**DATASET SECTION:**
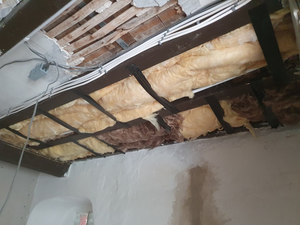 With the machines out of the way we added insulation to the ceiling and attached the plasterboard. We’d decided to sacrifice the beams in this room, so as to make it possible to hide the pipework in the ceiling. As we didn’t need to attach batons to screw the plasterboard to, the insulation kept falling out, meaning we had to resort to gaffer tape to keep it up.
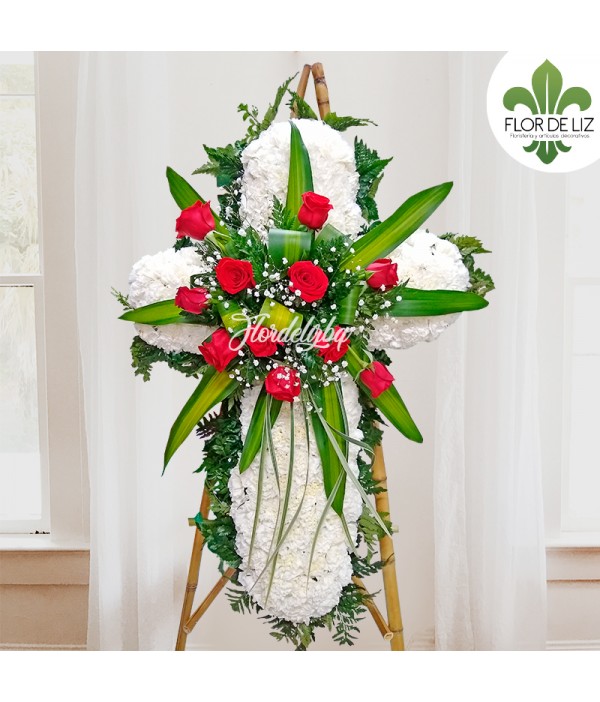 Cruz fúnebre elaborada en claveles, aplique en rosas rojas, follaje en hoja de lino, helecho cuero, gypsophila.
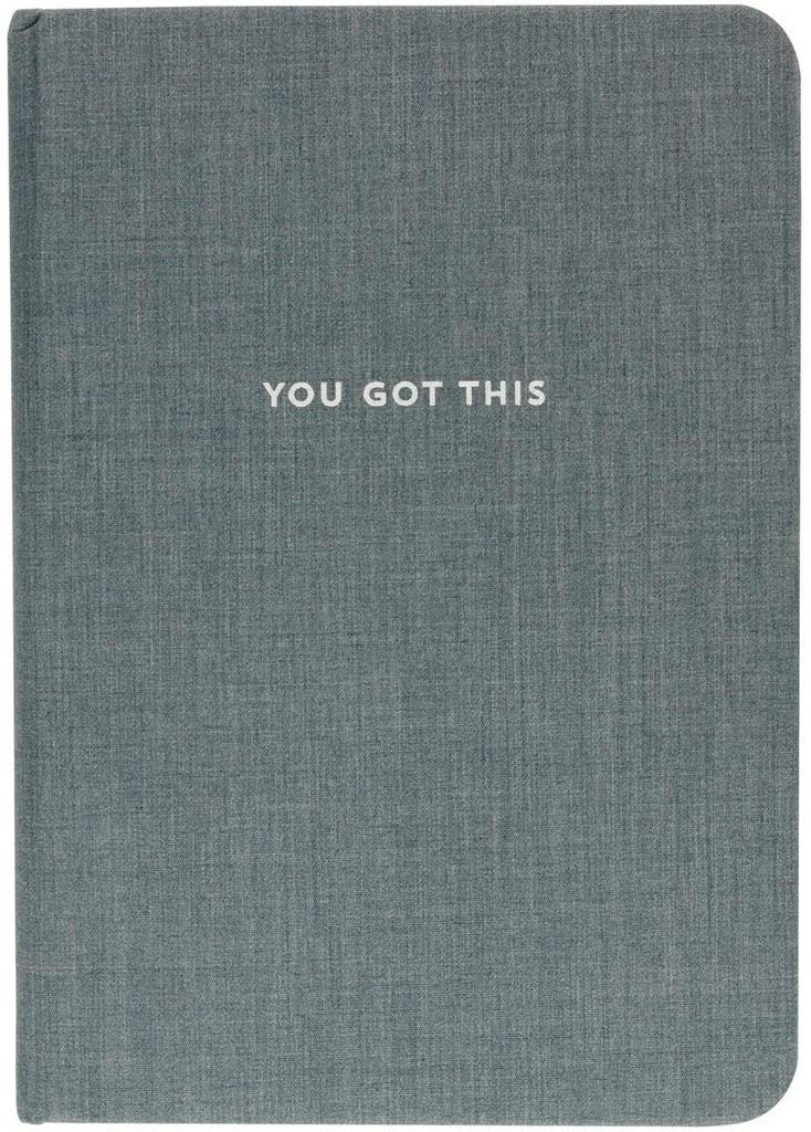 Notes marki Peter Pauper Press, w niewielkim poręcznym wydaniu. Oprawa twarda, wytłaczana okładka, zamykany na gumkę, z tyłu koperta na pojedyncze notatki. 160 stron w linie, bezkwasowy papier. Wymiary 127 x 178 mm. Motto na okładce "You Got This" wybite srebrną folią.
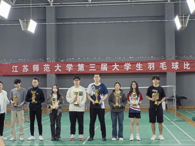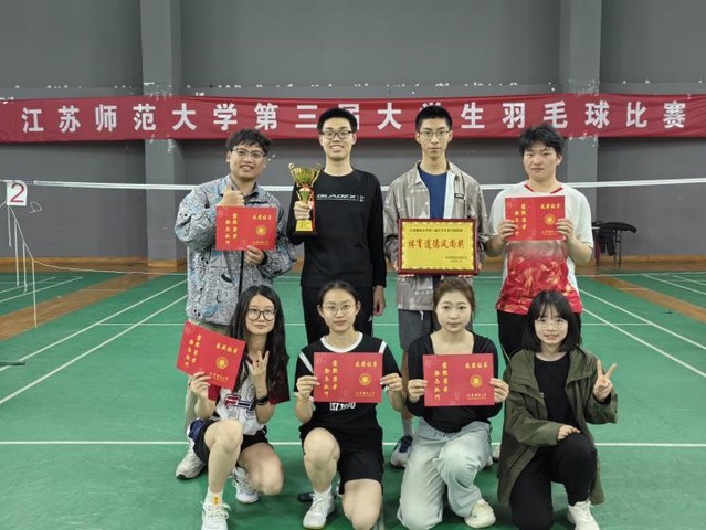 4月20日-4月21日,江苏师范大学第三届大学生羽毛球比赛在泉山校区敬文羽毛球馆举办,地测学院荣获团队第五名以及体育道德风尚奖。

**WHAT TO DO:** The reply must consist of the complete listing, reproduced exactly, with no images.

**RESULT FOR THIS TASK:**
 With the machines out of the way we added insulation to the ceiling and attached the plasterboard. We’d decided to sacrifice the beams in this room, so as to make it possible to hide the pipework in the ceiling. As we didn’t need to attach batons to screw the plasterboard to, the insulation kept falling out, meaning we had to resort to gaffer tape to keep it up.
 Cruz fúnebre elaborada en claveles, aplique en rosas rojas, follaje en hoja de lino, helecho cuero, gypsophila.
 Notes marki Peter Pauper Press, w niewielkim poręcznym wydaniu. Oprawa twarda, wytłaczana okładka, zamykany na gumkę, z tyłu koperta na pojedyncze notatki. 160 stron w linie, bezkwasowy papier. Wymiary 127 x 178 mm. Motto na okładce "You Got This" wybite srebrną folią.
 4月20日-4月21日,江苏师范大学第三届大学生羽毛球比赛在泉山校区敬文羽毛球馆举办,地测学院荣获团队第五名以及体育道德风尚奖。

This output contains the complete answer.